Signorini Ricci Ventura De Filippi
da sinistra: Signorini, Ricci, la Ventura e la De Filippi
Nel suo libro fa anche parecchi nomi. Lei definisce quello di Antonio Ricci "umorismo di regime", mentre Signorini sarebbe a suo avviso "il finissimo intellettuale alla guida dell'impressionante campagna che ha portato il Paese sotto la dolce cappa dell'egemonia sottoculturale". Chi è peggio tra i due?
"Rappresentano due modalità diverse di costruire egemonia sottoculturale. Quella di Signorini è fatta di gossip, che ha una forza di persuasione straordinaria. Ma dietro questa dittatura delle immagini da rotocalco c'è anche una visione politica che pochi riescono a riconoscere. Quanto a Ricci, nel suo caso il ragionamento politico è ancor più sofisticato e attento a conseguire l'obiettivo. 'Striscia la notizia' è una macchina situazionista, cioè ha tutte le caratteristiche di uno strumento cognitivo che porta alla consacrazione della società dello spettacolo, dando allo stesso tempo l'impressione di costruire spazi di libertà e di ripristino della giustizia. Tutto ciò, in un'epoca in cui la politica è sangue e merda. Soprattutto merda. Ricci è dotato di strumenti culturali che ha affinato nel suo passato di radicale di sinistra, di situazionista, e li utilizza per confezionare il suo umorismo di regime...".
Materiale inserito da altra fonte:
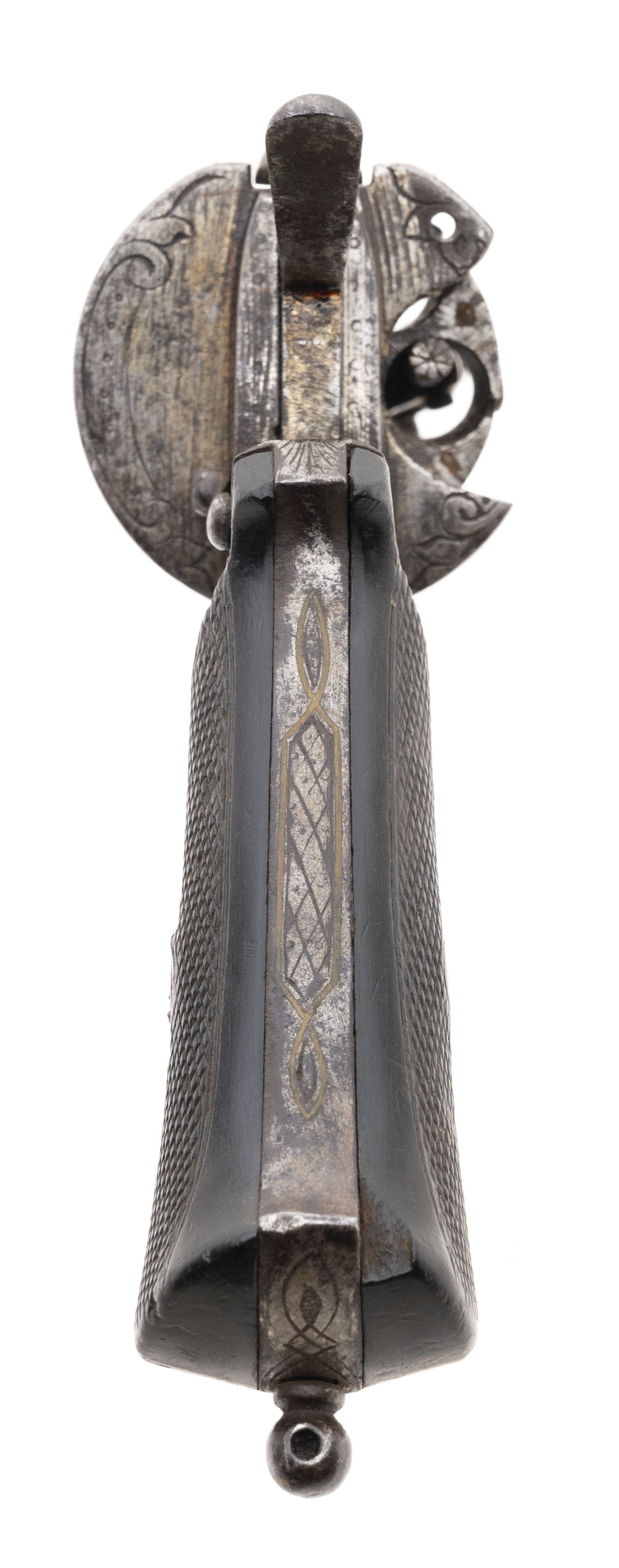 Revolver has been decomissioned. Barrel is 6". Metal has a grey patina. This would look great on the wall or in a shadow box.

Intervistato da Libero, Signorini ha dichiarato: "Quello di Panarari è un libro molto ben scritto e piacevole a leggersi, con l'autore uscirei volentieri a cena. Mi piace quando le persone argomentano in maniera intelligente. Essere definito un cantore del regime, però, è un ipertrofismo letterario. Semplicemente, ho le mie idee e le enuncio". E lei ci andrebbe altrettanto volentieri a cena con Signorini?
"Signorini è un uomo di mondo, intelligente, gentile. Con uno come lui una cena di confronti la farei volentieri".
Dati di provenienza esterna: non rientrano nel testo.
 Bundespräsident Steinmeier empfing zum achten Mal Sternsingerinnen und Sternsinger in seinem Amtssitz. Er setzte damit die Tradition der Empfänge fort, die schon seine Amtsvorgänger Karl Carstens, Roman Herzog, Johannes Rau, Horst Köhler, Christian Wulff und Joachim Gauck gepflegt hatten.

Nel suo libro dedica anche un capitolo a Maria De Filippi, “arbitra elegantiarum della neo-Italia"...
"La De Filippi è un epifenomeno di qualcosa di più grande, che si chiama neoliberismo e che in ciascun paese ha delle caratteristiche proprie. Oggi la De Filippi è la personalità leader della nostra televisione, e ha costruito un sistema impressionante, con la selezione dei tronisti e delle corteggiatrici, che sono nuove figure delle periferie italiane che si stanno diffondendo. Il potere della De Filippi ha fatto sì che i modi di fare di questi coatti diventino dominanti, si trasformino in un trend. Pura industria dell'immateriale. Capitalismo dell'immaginario che riesce a coprire tutte le esigenze possibili, musica compresa con il successo di Amici che domina la discografia. Certo, ci sono anche figure positive nella tv italiana, e penso a uno sperimentatore come Freccero".

Ce l'ha anche con Bruno Vespa, a cui dedica il penultimo capitolo, intitolato "Bruno Vespa, lo storytelling, la “sessuopolitica” e la fine dell’opinione pubblica"... Ma è solo Vespa l'emblema del "non giornalismo"?
"'Porta a porta' è la rappresentazione all'ennesima potenza dell'informazione lontana anni luce dall'oggettività. Quello di Vespa è un meccanismo di storytelling impressionante. Quelle che racconta sono storie. Naturalmente ciò avviene anche in altri programmi televisivi, in quasi tutti per la verità con forme differenti. Ma 'Porta a porta' tocca il limite: lì tutto è rappresentazione. Anche con 'Studio aperto' diventa difficile distinguere tra realtà e fiction. E ultimamente pure il Tg1 va in questa direzione".

Non le crea alcun imbarazzo pubblicare un libro del genere con Einaudi, casa editrice del gruppo del presidente del Consiglio?
"Einaudi mi ha proposto di fare il libro e poi non mi ha chiesto di cambiare una virgola. Quella che è stata 'la' casa editrice della sinistra italiana, Einaudi appunto, pubblica ancora oggi testi di grande rilevanza".